At least one group of researchers, Ilgen, Hollenbeck, Johnson, and Jundt (2005), recommends that teams function better if the leaders are rotated. My own feeling is that it really depends on the team’s purpose. The purpose will define whether it is best to have one leader; rotate leaders based on expertise; or rotate leaders on a timeline. One of the great things about this is if an organization has an executive development strategy in place this gives the up and coming executive a means to increase her visibility as a leader to others. This in turn can help credibility as she may later be assigned a position within a department represented by one of the team members.
There is yet another sane reason behind Ilgen, Hollenbeck, Johnson, and Jundt recommendation. If one person is leading the group then the group is more subject to the influence of that one person. This is especially if that one person has power. By power I am thinking of executive power, expert power (that is the person is extremely knowledgeable), or influential power (people trust or fear a person). The influence of a leader can take derail the team. I remember being with friends and thinking this is a stupid idea, but the person leading the group possessed too much influence. So we ended up bulleting down the road like we were on a luge driven by a mad man. Obviously I survived peer pressure where the group was willing to allow teenage desperado to drive a car 70 to 100 miles an hour on a 35 mile hour backwoods road. We were one small missed turn from a very negative outcome.

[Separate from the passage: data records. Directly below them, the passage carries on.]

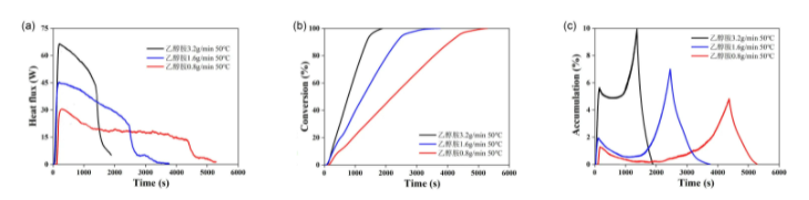 图8 (a)反应放热、(b)转化率和(c)物料积累随反应时间变化
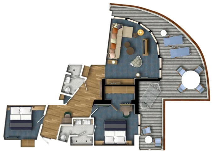 SPNO - Panorama Suite 73-77 m² + balkón 31-36 m² so stolom, ležadlami a hojdacou sieťou. 2 spálne a 2 kúpeľne. 6,9,10. paluba. Max 6 osoby. Výhody Suite. 11 045 € 2 209 € za osobu
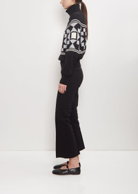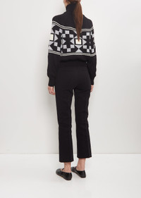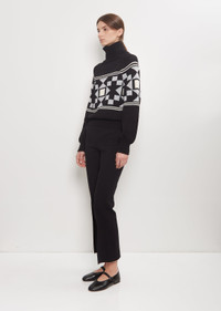 High Sport black turtleneck sweater with raglan sleeves in cotton knit with a metalized fair isle pattern. Features rib trim finishings at neck, cuffs and hem. Regular fit. Worn with: Stretch Cotton Fringed Louis Pant and Leather Ballet Mary Jane — Ecru . Sizing: Universal (XS-M). Delphine is 5’9” (175cm), bust 32", waist 24", hips 35" and wears a size small. Color: Black Combo. Body: 87% Cotton, 7% Metalized Polyester. Trim: 50% Cotton, 46% Polyamide, 4% Elastane Made in Italy. HO24HS003
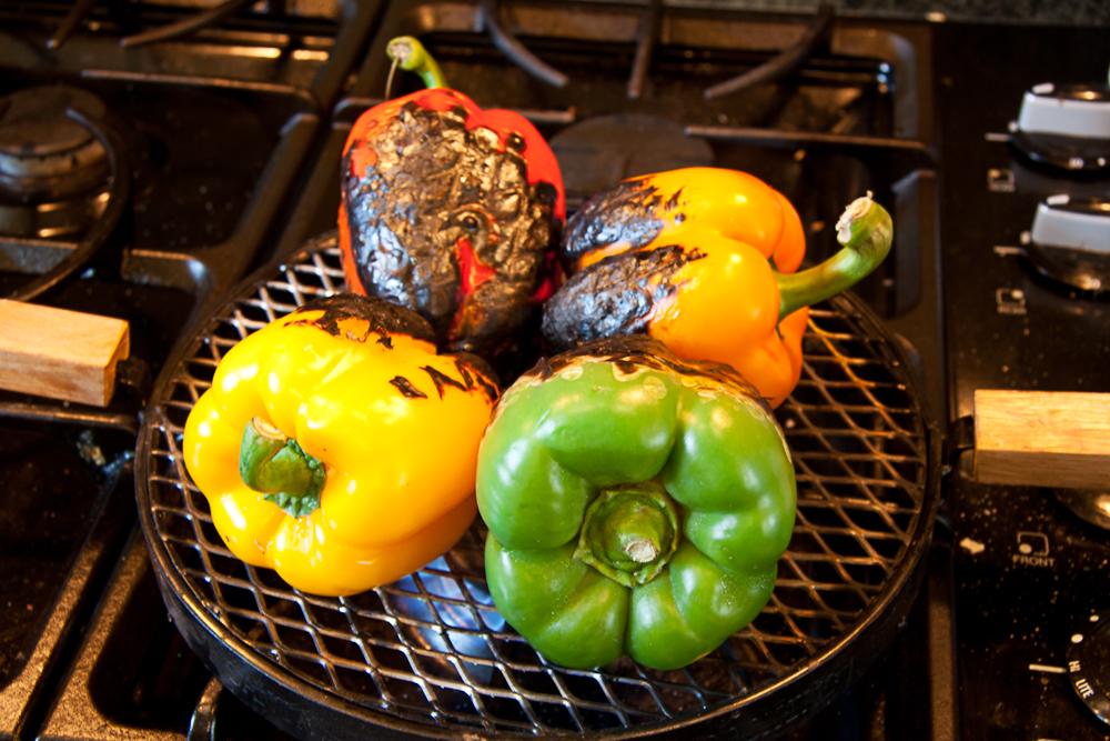 - 4 roasted bell peppers, preferably one each of green, red, yellow, and orange
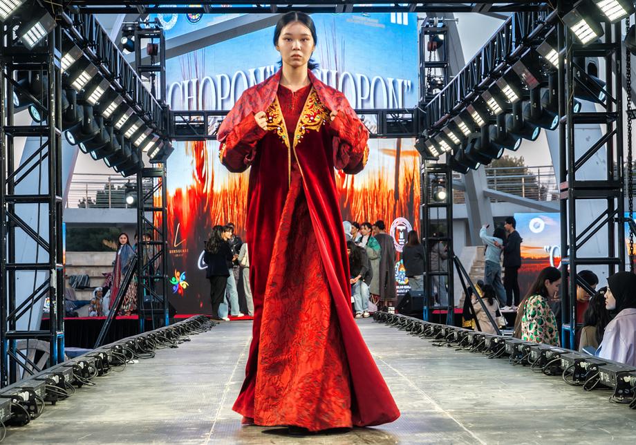 Очиқ ҳаводаги подиумда турли хил либос услублари намойиш этилди, улар орасида анъанавий ўзбек чопони тарихий меросни замонавий дизайн тенденциялари билан уйғунлаштирган ўзига хос услубларнинг асосий элементи сифатида намойиш этилди. Мода намойиши халқ ритмлари, жўшқин DJ- сети ва эстрада хонандаларининг чиқишлари ҳамроҳлигида ўтказилди.
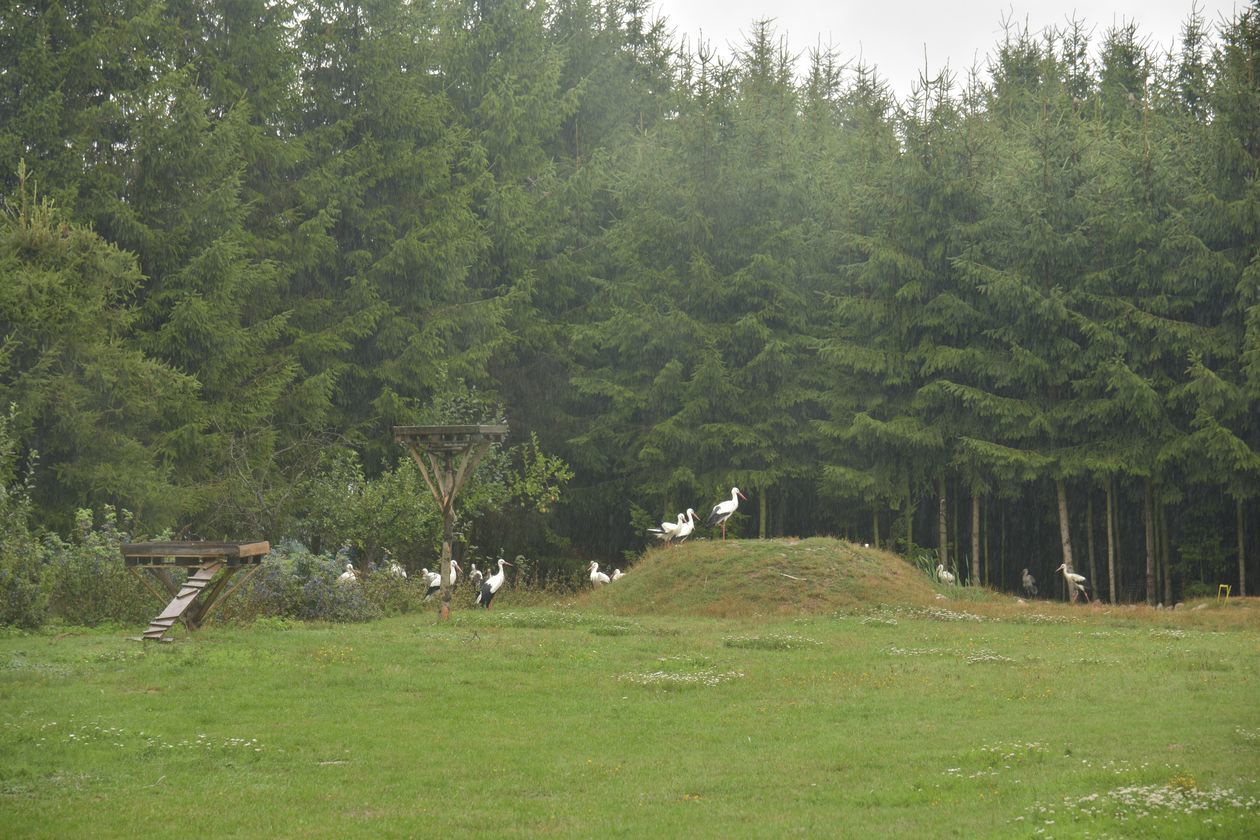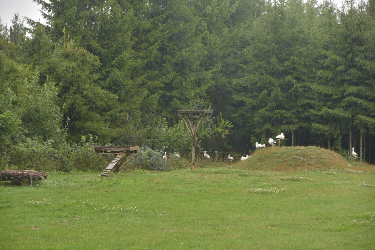 Wybieg w ośrodku Szansa dla bociana to 25 arów terenu, na którym zbudowano sztuczne gniazda na niskich podestach
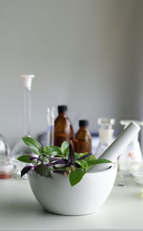 mortar and pestle with herbs in laboratory
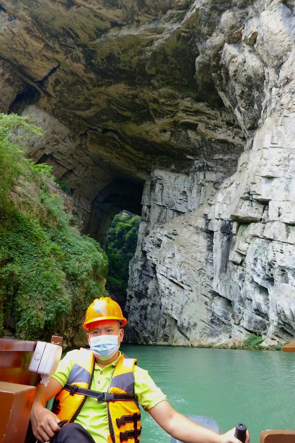 “暗河”指的是這條河流穿行溶洞的部分。里面漆黑一片,伸手不見五指,但中段有“蒼天有眼”(實為天生橋)奇觀,末端有形似“天下第一刀”的天空,令人稱奇。李仁奇 攝
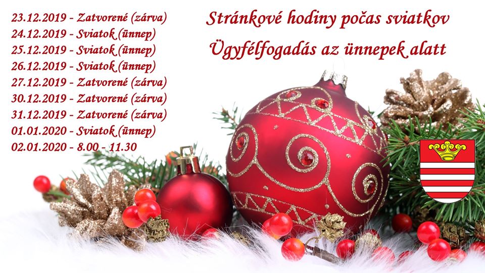 SK: STRÁNKOVÉ HODINY POČAS SVIATKOV - HU: ÜGYFÉLFOGADÁS AZ ÜNNEPEK ALATT

So how does an event I just described happen? When people believe or accept a perception of an individual they may ignore the likelihood of adverse outcomes or unforeseen conditions. My cousins and friends ignored the fact that this guy really was a convict and one that had little regard for his or anyone else’s life. If they choose to look at what they knew they would have known he was the last person any of use ought to allow behind the wheel. A great book was written about our tendency to do this called, The Black Swan by Nassim Nicholas Taleb. The foregoing, a negative black swan (one where the unforeseen is not good) can be stumbled into by ignoring data or selecting a method of analysis that will support presuppositions.
Ever talk to an idiot, in the old meaning, a person who sees things only one way. No matter what you present to such a person it will be discounted. I remember engaging in a conversation with a person into government and wealthy people conspiracies. It is a type of lunacy. Reality means little to a person sold on a narrow perspective grounded on a presupposition. This person’s theory revolved around fast food. The premise was the rich were trying to make a better future for each other by getting people in the middle and lower economic class hooked on junk food. The rosier future was to be arrived at by a high mortality rate among junk food consumers. This theory ignores several facts. If people are dying they need to be dying somewhere – hospitals. Second, it is unlike they will die out right, but burden the medical system with heart patients. Third, manipulating society is near impossible. How come? There are so many variables and sources of those variables that it is way too easy to miss something crucial to the plan’s success. There are too many variable to know about let alone control. Fourth it ignores the fact that not all food that is bad for people is served at fast food joints. Aristocracy eats calorie dense food high in fats and sugars too. Every time I would present a rational reason refuting the person’s theory his eyes would glaze over and more drivel would spew out. People if not monitored can lock into a single idea and reject other ideas that may be more rational. It is something we are all subject to. It is easier to do in groups.
The caveat here is: whether it is one leader or five there must be a conscious effort by the group to avoid forming an opinion before all the confirming or disconfirming data or information is in. It is bad reasoning to start with an opinion and see if you can prove it unless you are toying with an idea and work as hard to disprove the idea as to prove it.
I am tentatively writing about team goals in my next post.
Ilgen, D. R., Hollenbeck, J. R., Johnson, M., & Jundt, D. (2005). Teams In Organizations: From Input-Process-Output Models to IMOI Models. Annual Review of Psychology, 56(1), 517-543. Retrieved May 10, 2006 from Business Source Premier.